- Born: Franklin County, Virginia, U.S.
- Genres: gothic country bluegrass
- Occupations: Musician; TikToker;
- Instruments: banjo
- Years active: 2019–present

TikTok information
- Page: hillbillygothic;
- Followers: 303.3K

= Clover-Lynn =

American bluegrass musician

Clover-Lynn, also known as hillbillygothic, is an American bluegrass and gothic country musician and TikToker. She is the banjoist of the band Clover-Lynn and The Hellfires.

== Biography ==
Clover-Lynn grew up in rural Franklin County, Virginia. Her family has lived in the Appalachia region of the Virginian Blue Ridge Mountains for over two-hundred years. She was raised in the Baptist tradition.

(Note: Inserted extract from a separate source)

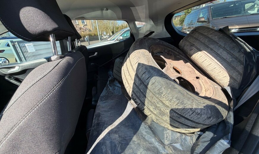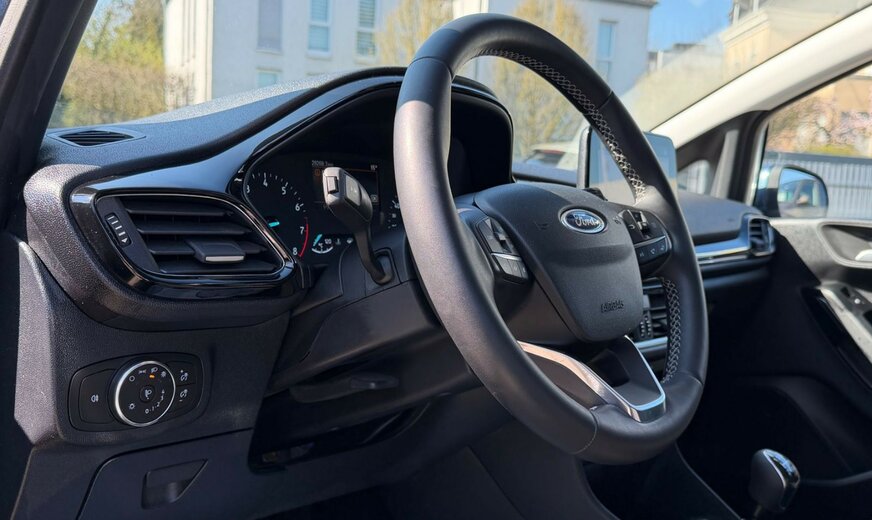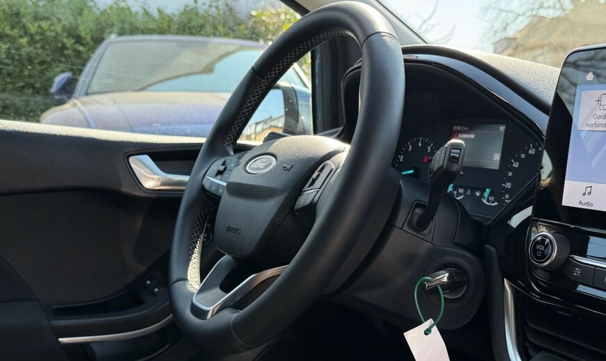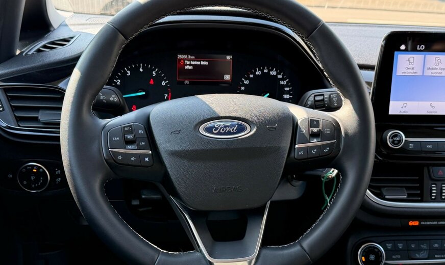Airbag Beifahrerseite abschaltbar, Ambiente-Beleuchtung vorn (LED), Audiosystem: Radio mit Ford SYNC (AppLink und Touchscreen), AuÃenspiegel elektr. verstellbar, AuÃenspiegel Wagenfarbe, Blinkleuchte in AuÃenspiegel integriert, Bord-/Verbrauchscomputer, Brillenfach in Dachhimmel / Dachkonsole integriert, Dachspoiler Wagenfarbe, Eco-Anzeige für verbrauchsoptimiertes Fahren (EcoCoach), Einparkhilfe hinten, Elektr. Bremskraftverteilung (EBD), Energierückgewinnung (Smart Regenerative Charging), Fahrassistenz-System: Berganfahr-Assistent (Hill-Holder), Fahrassistenz-System: Notbrems-Assistent, Fahrassistenz-System: Sicherheitssystem SYNC mit automatischem Notruf, Fahrassistenz-System: Spurhalteassistent mit Müdigkeitserkennungs-Sensor, Fahrassistenz-System: Verkehrsschildassistent, Farbdisplay für Bordcomputer, Fensterheber elektrisch vorn + hinten mit KomfortschlieÃung, FuÃmatten Velours - vorn, Getriebe 6-Gang - Typ: 6MX65, Innenraumfilter: Staub- und Pollenfilter, Intelligent Protection System (IPS), Isofix-Aufnahmen für Kindersitz, Karosserie: 5-türig, Klimaautomatik, Kopfstützen hinten mechan. verstellbar (3 Stück), Lenksäule (Lenkrad) höhen-/längsverstellbar, Leseleuchte vorn, LM-Felgen, Mild-Hybrid 92 kW (Motor 1,0 Ltr. - 92 kW EcoBoost), Modellpflege, My Key (2. Fahrzeugschlüssel programmierbar), Reifen-Reparaturkit, Reifendruck-Kontrollsystem, Rücksitz geteilt, Rücksitzlehne klappbar, Schadstoffarm nach Abgasnorm Euro 6, Schadstoffarm nach Abgasnorm Euro 6d, Scheinwerfer LED, Scheinwerfer mit Ausschaltverzögerung, Scheinwerfer mit BegrüÃungsfunktion, Scheinwerfer-Assistent mit Tag-/Nachtsensor, Sitz vorn links höhenverstellbar, Sonnenblende links mit Spiegel, Sonnenblende rechts mit Spiegel, Sportsitze vorn, Start/Stop-Anlage, StoÃfänger Wagenfarbe, Türgriffe auÃen Wagenfarbe, Verglasung getönt, Warnanlage für Sicherheitsgurte hinten, Zierleisten unterhalb Seitenscheiben Chrom-Dekor

Clover-Lynn grew up listening to country and bluegrass music, citing The Stanley Brothers, Flatt and Scruggs, and Rhiannon Giddens as early influences. She worked in the tech industry on the west coast before moving back to Virginia to pursue a career in music. She is the lead of the band Clover-Lynn and the Hellfires, formerly called the Laurel Hells Ramblers. In 2024, she performed at the Floyd Country Store music venue in Floyd County, Virginia.

Clover-Lynn amassed a large following on the social media platforms TikTok and Instagram, under the username hillbillygothic, where she posts videos of herself playing the banjo and combatting misognyist and anti-LGBTQ content.

She is a transgender woman and part of the goth subculture.